Problem requirements: Please transcribe the data below in full. Omit any picture you find in it.
*** Input data ***
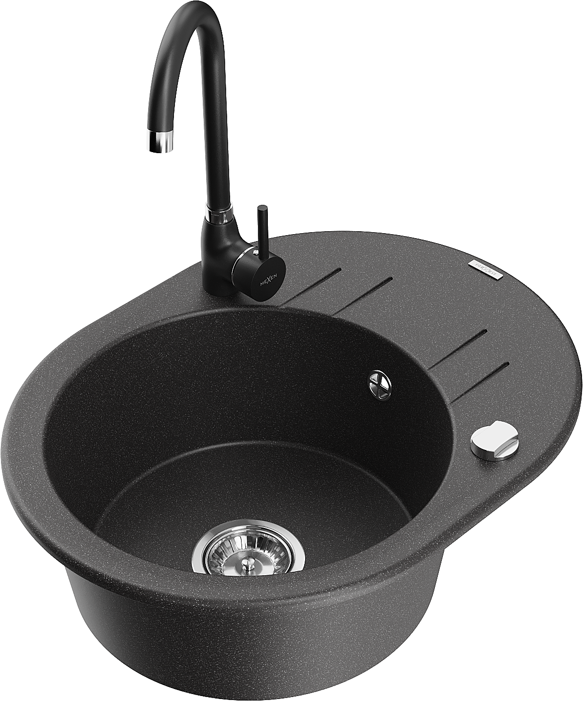 Mexen Kevin granieten spoelbak 1-komerig met afdruiprek en Telma keukenkraan, zwart gespikkeld - 6517-76-670200-70
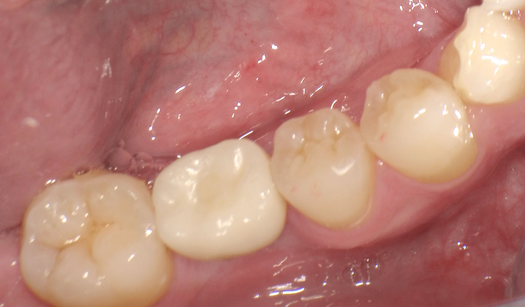 20代男性・横浜市在住。10ヶ月前に右下6番を他院にて抜歯、当院にてインプラント治療。人工歯はジルコニア人工歯。スクリューリテインにて固定しました。歯周病菌の数が多いため、歯周内科治療も実施しました。
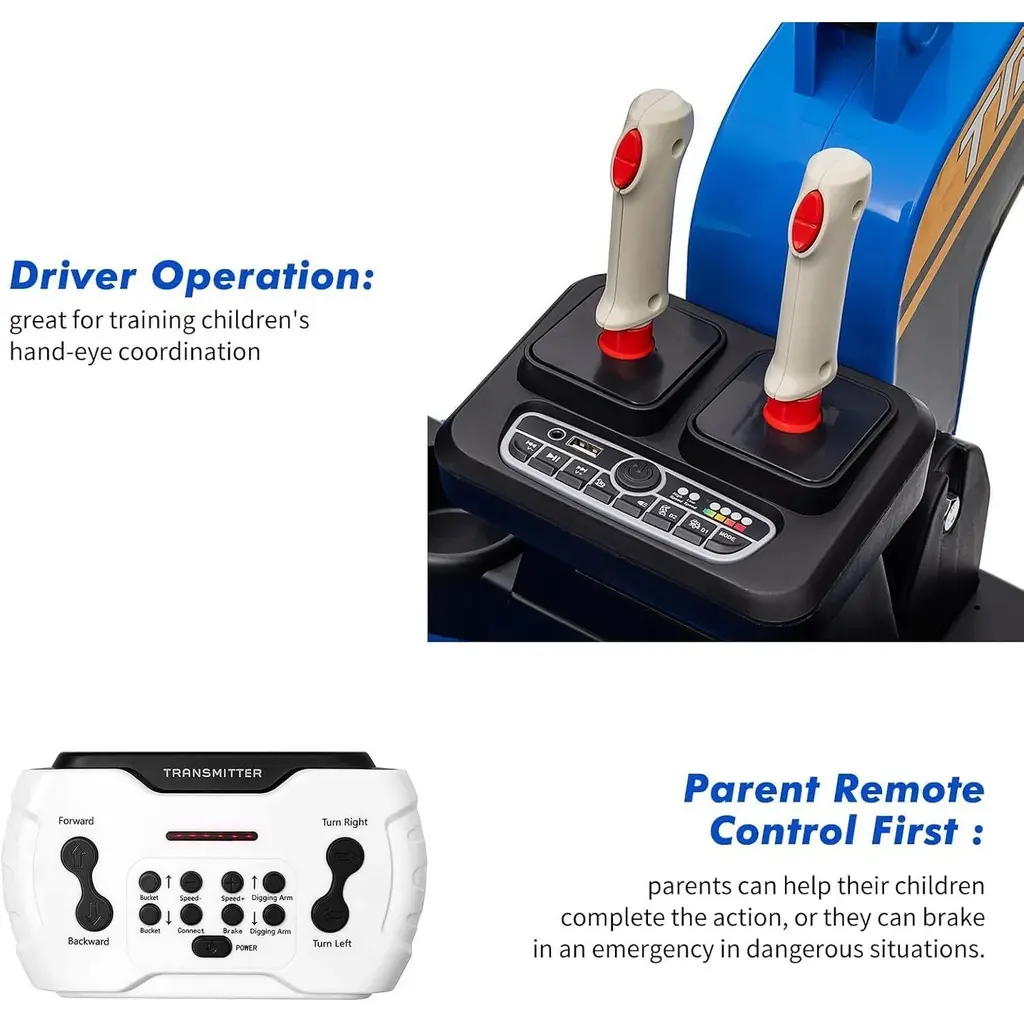 Kids Ride-On Electric Excavator Digger With Remote Control - Blue
***
Problem solution:
 Mexen Kevin granieten spoelbak 1-komerig met afdruiprek en Telma keukenkraan, zwart gespikkeld - 6517-76-670200-70
 20代男性・横浜市在住。10ヶ月前に右下6番を他院にて抜歯、当院にてインプラント治療。人工歯はジルコニア人工歯。スクリューリテインにて固定しました。歯周病菌の数が多いため、歯周内科治療も実施しました。
 Kids Ride-On Electric Excavator Digger With Remote Control - Blue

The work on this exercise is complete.